He said authorities hope to prosecute gang members using federal gun statutes and the Racketeer Influenced and Corrupt Organizations Act (RICO).

“We’re looking for RICO indictments of people,” Mr. Persichini said during a wide-ranging interview with editors and reporters at The Washington Times. “The key here also is using ATF and all the gun charges [because] many of those crimes are committed with weapons.”

Agents will “take a look at every gang or crew in Northern Virginia,” he said.

Mr. Persichini, who was appointed head of the field office inNovember after serving as its acting director since January 2006, said the effort is part of an increased focus on dealing with local violent crime, which he called a “very serious concern.”

He also pointed to a recent uptick in violence in parts of the District. Mr. Persichini said he has spoken extensively with Acting Metropolitan Police Chief Cathy L. Lanier about gathering and sharing intelligence and that he talked with Mayor Adrian M. Fenty as recently as Wednesday night about comprehensive plans to thwart violent crime.

Mr. Persichini said “organized opportunistic crime,” including crew-related and robbery-related violence, was driving a spike in violent crime in the 3rd District, which encompasses much of the downtown core.

He said his office has been solidifying its ties to the city’s business community and minority populations, to aid its efforts in fighting local crime.

“We can’t do what we do without the faith and trust of the people we serve,” he said.

Mr. Persichini also said his office has taken a greater role in the schools, expanding internships for teenagers and setting up “junior special agent” programs for sixth-grade students.

“Their first interaction with law enforcement should be positive,” he said.

Despite the increased local focus, Mr. Persichini said the priorities of the field office remain unchanged.

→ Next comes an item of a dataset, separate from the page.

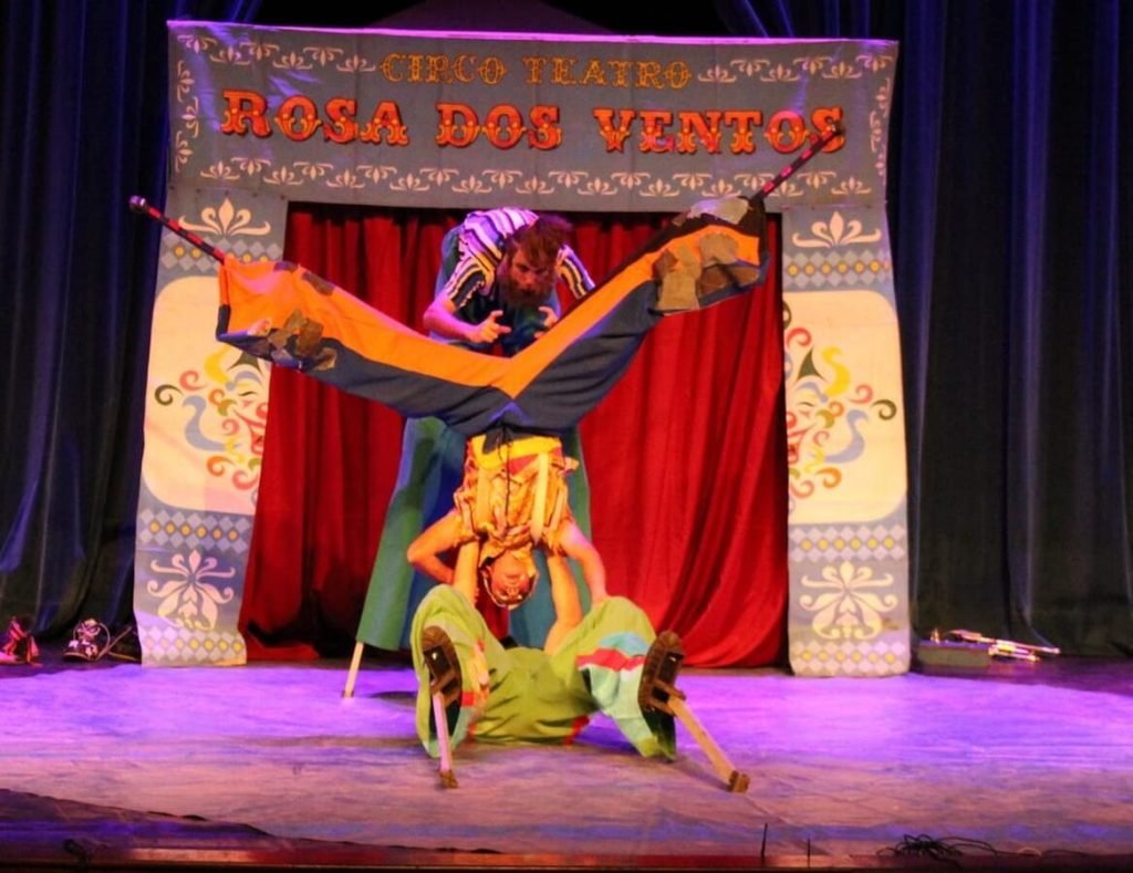 O grupo Rosa dos Ventos, de São Paulo, inspirou-se nos artistas populares de rua para produzir o espetáculo “Saltimbembe Mambenbancos”, encenado nessa quarta-feira (10) no Teatro Municipal de Toledo, integrando a XIX mostra de Circo Social e XII Festival Nacional de Circo. Crianças e adultos divertiram-se com vendedores de bugigangas em cena, pernas de pau, malabaristas e palhaços. Luiz Valente é um dos integrantes do elenco e destacou a força do circo como atividade cultural e de transformação social.

“Counterterrorism will always be No. 1,” he said, calling the District a “target-rich environment” that requires constant vigilance against terrorist threats from international groups and what he described as the “home-grown lone wolf.”

Mr. Persichini, whose background is in public-corruption cases, said corruption would be the focus of the field office’s criminal investigations.

“I’m a firm believer that the FBI is an agency that is … suited for the investigation of public corruption,” he said.

Mr. Persichini declined to talk about the status of the ongoing investigation into the October 2001 anthrax attacks that killed five persons, including two D.C. postal workers. He said that about 20 agents are still working on the case, but would add only that it is a “continuing, pending investigation.”